MontCo officials investigating councilman’s part in lawsuit

The Montgomery County Attorney’s office is investigating whether a council member’s criticism of funding for a planned music hall in Silver Spring — submitted as part of a lawsuit against the county — broke ethics laws, The Washington Examiner has learned.

IMP, a Bethesda concert promoter, included a sworn statement from Councilman Marc Elrich, D-at large, to argue that officials in County Executive Ike Leggett’s office illegally hid the true cost for the Fillmore while seeking approval for the rock club.

In the affidavit, Elrich says representatives for Leggett assured the council that the county’s investment would not exceed $4 million. The statement also says executive officials were required to seek funding from council members before devoting an additional $3.3 million to the project in recent weeks.

Under Montgomery ethics law, county employees are barred from giving legal advice that would be considered an expert opinion in court if the county is involved in the matter and the statements are used to aid an adversarial position.

A representative for Leggett confirmed the inquiry, calling Elrich’s participation “troubling.”

“It would seem that [Elrich] is taking sides with a D.C. business against the council and the state and furnishing information on behalf of the entire [council],” said spokesman Patrick Lacefield.

Elrich, even before his legal statement, slammed executive officials for spending millions of dollars more on a taxpayer-funded entertainment venue — while slashing the budgets of virtually every county department to fill a $1 billion budget shortfall.

An official with the county’s Ethics Commission was unable to confirm if a complaint has been filed with the office. Regardless, Lacefield says the attorneys would make a recommendation on the matter.

Elrich was unaware of the probe until informed by The Examiner.
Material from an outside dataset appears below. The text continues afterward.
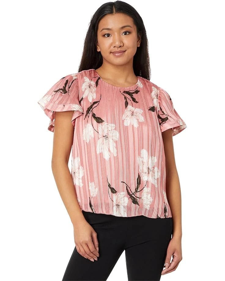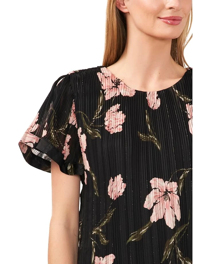 - Elevate your charm with this floral print CeCe™ Flowy Pleated Blouse, a darling addition to your wardrobe that exudes both elegance and cuteness. This pullover lurex stripe top fetures crew neckline and flowy short sleeves.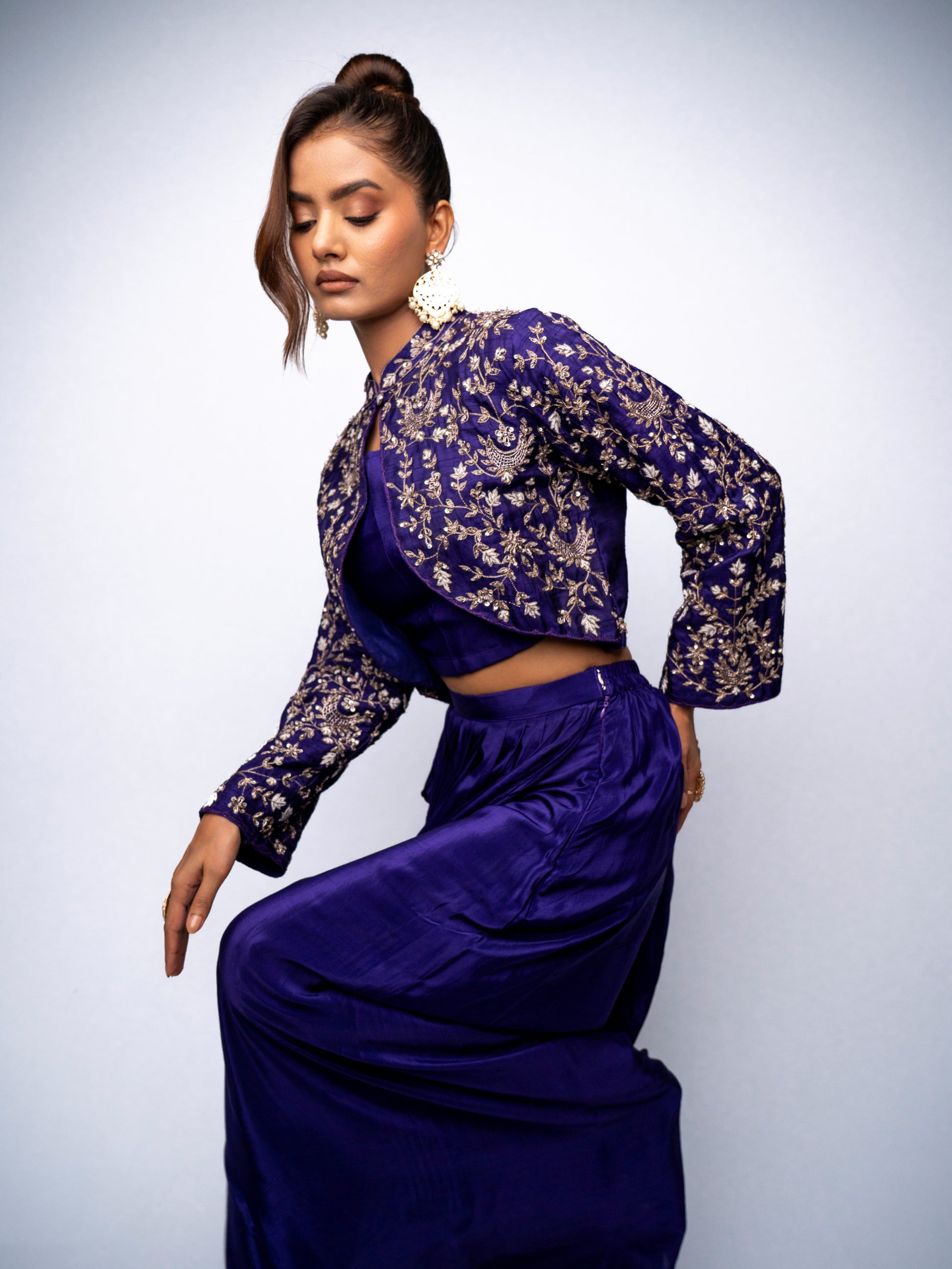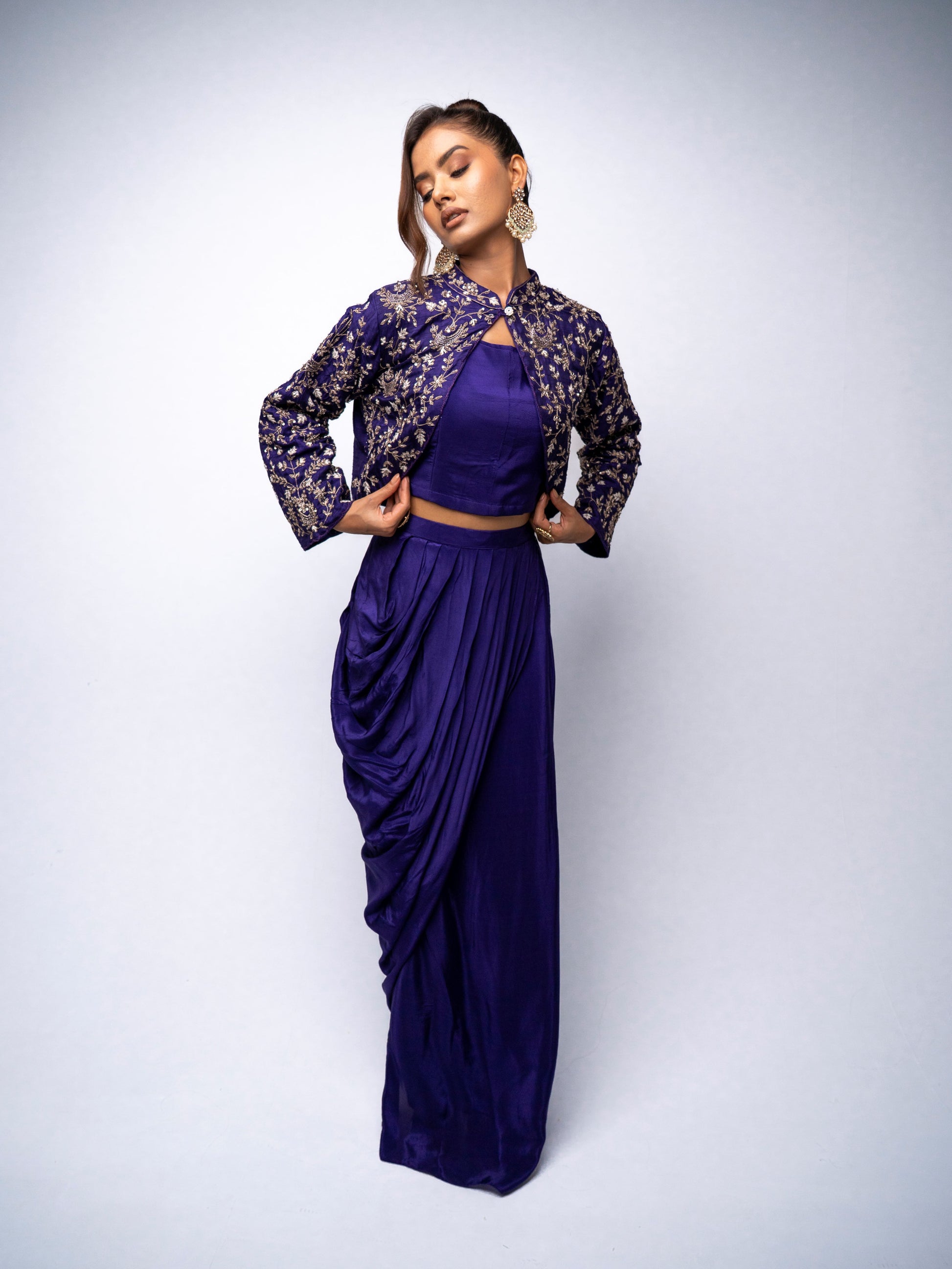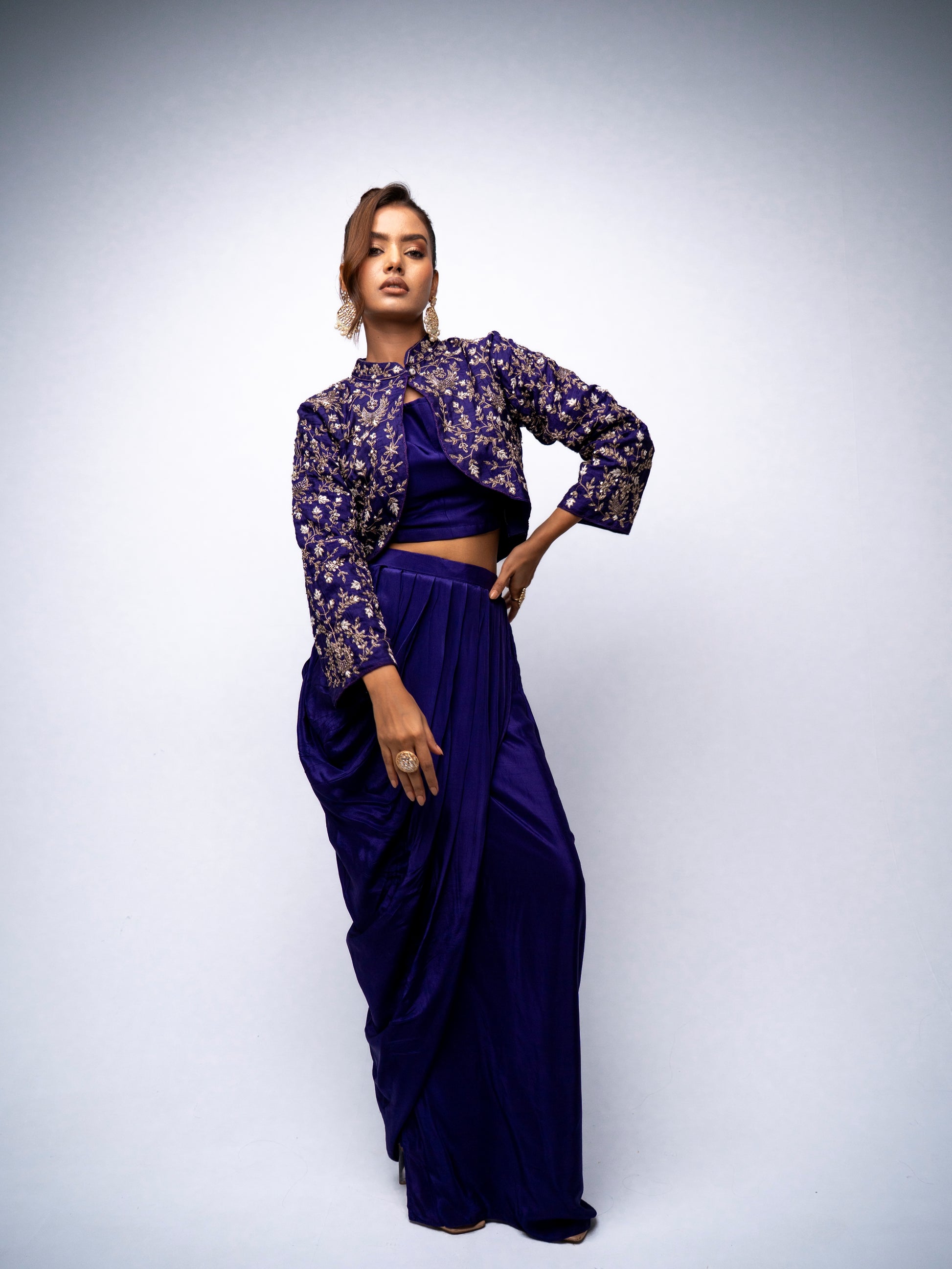A midnight blue satin-georgette pre-stitched saree paired with a raw silk bolero jacket, hand-embroidered using zardozi metallic threads, sequins, and beads. The embroidery alone takes 180 to 200 hours, with saree finishing adding another 25 hours. Rich jewel tones with glimmering gold detailing make this a perfect choice for evening soirées ; a piece that embodies opulence and timeless allure.

“I wasn’t trying to kill the deal,” he said. “All I said is that the council should vote on an appropriation. I don’t see what everybody is all upset about. Why go through all these shenanigans?”

He added that council staff said his sworn statement was legal and that [Leggett] “just didn’t want me to say anything negative about a terrible deal.”

The lease for the planned 2,000-person-capacity club calls on the tenant, Live Nation Inc., to absorb any cost beyond the $8 million in county and state money. Executive branch officials, however, slated another $3.3 million for the venue, pushing the price tag to more than $11 million.

Elrich is one of four at-large council members seeking re-election this fall. The Democratic primary is Sept. 14.